In 2017, to overcome Pakistan’s intransigence with regard to providing India land access to Afghanistan, India launched a direct air freight corridor. Flights commenced between New Delhi and Kabul in June 2017 and between Mumbai and Kabul in December 2017. In March 2019, another air corridor was set up connecting New Delhi with Herat. Post the Pulwama attacks, Pakistan stopped flights originating from or transiting through India. As a result, some carriers such as Air India and Spice Jet stopped their flights to Kabul. This disruption had a major impact on the level of bilateral trade. Afghan imports of commodities, such as dry fruits, vegetables and handicrafts, witnessed a drop of 30 percent. It is not just trade, even Afghan patients and students have suffered as a result of these restrictions.
It is not just India-Pakistan tensions which will play spoiler, but also the uncertainty with regard to the Chabahar Port project as a result of US-Iran tensions. The India Global Ports Limited took over operations of the port in December 2018. Afghanistan sent its first shipment of exports to India, which included dry fruits, textiles and carpets, in February 2019. The port is also technically kept outside the purview of sanctions. However, Afghan exports to India and China have been facing problems in carrying out transactions as a result of US sanctions on Iran. New Delhi and Kabul will need to address this issue soon.

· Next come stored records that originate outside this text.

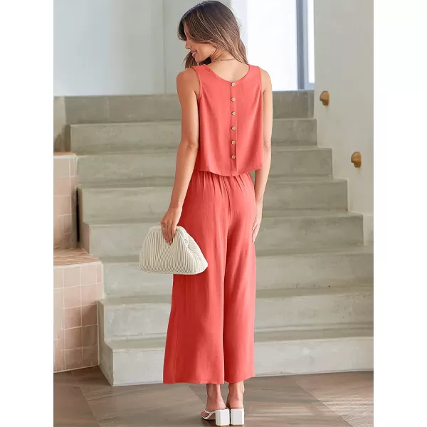 imageANRABESS Womens Summer 2 Piece Outfits Sleeveless Tank Crop Button Back Top Cropped Wide Leg Pants Set PocketsPeach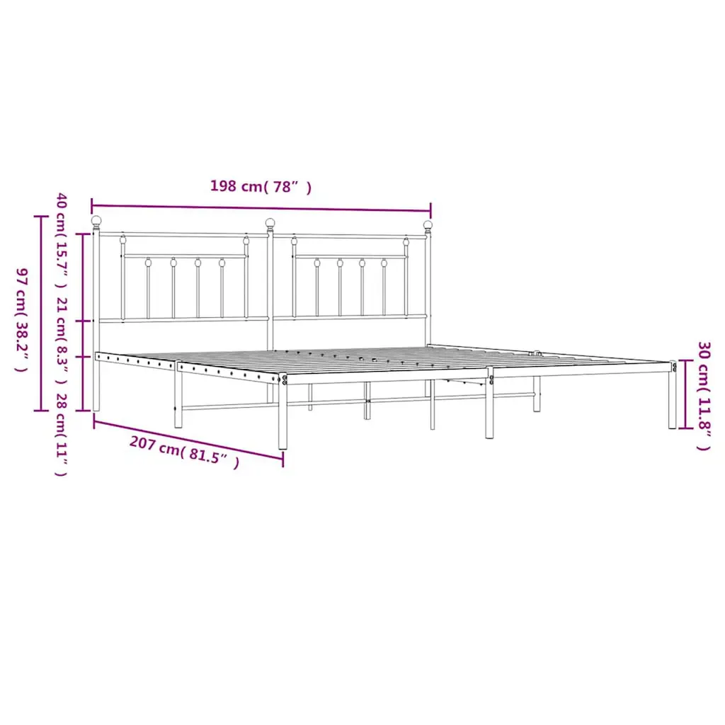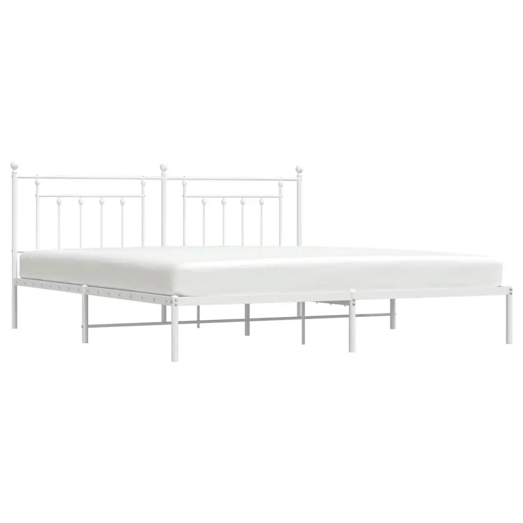 Vidaxl Bed Frame White Powder-Coated Steel 76 X 80 In Bed Frame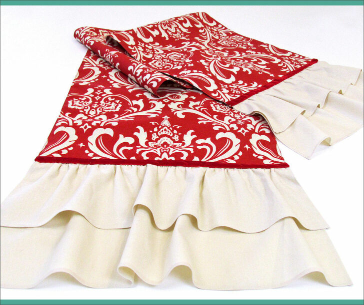 Our runner finishes at approximately 18″ wide x 92″ long (72″ runner plus 10″ ruffles on each end).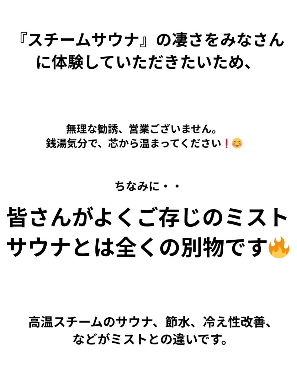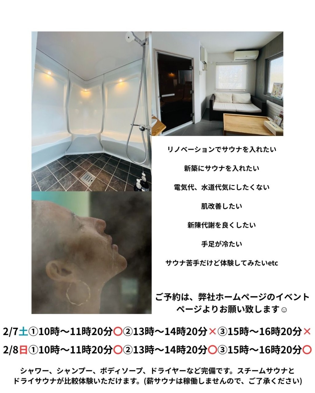今回のスチームサウナ体験イベントは、これからサウナ設置の検討や住宅への導入などを計画しているお客様に向けてのイベントになります。スチームサウナの良さを知って欲しい♩
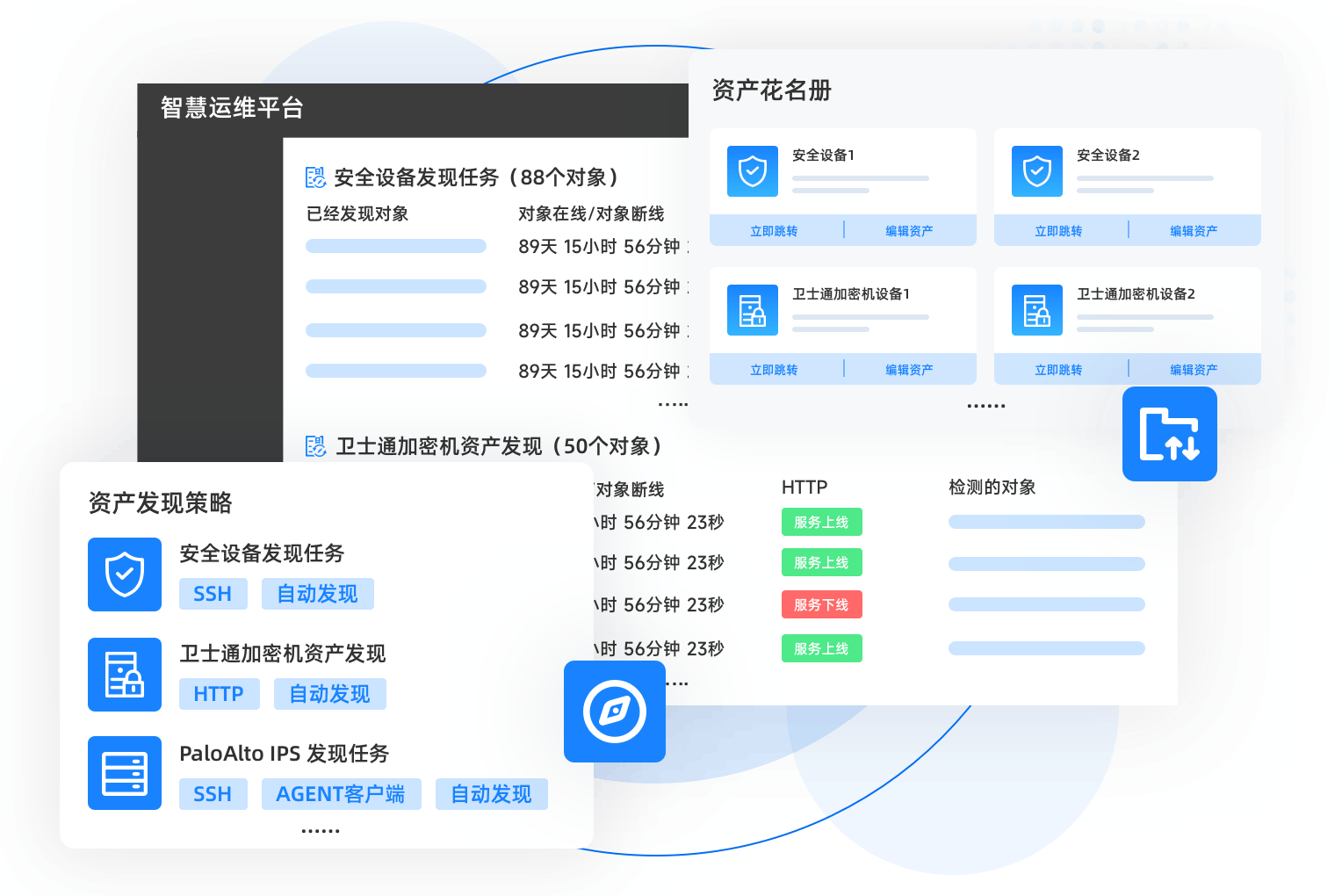 自动发现各种安全相关设备系统,包括安全设备、以及关联的网络资源、操作系统等,并进行全面统一的管理。

While trade linkages and people to people contacts between India and Pakistan have been short lived, New Delhi needs to find a way to ensure that economic ties and connectivity with Afghanistan are strengthened and the ambitious vision of trilateral connectivity among India, Iran and Afghanistan is accomplished. This is likely to be India’s main challenge in the near future given the complex geo-political dynamics within South Asia, as well as the tensions between Washington and Tehran.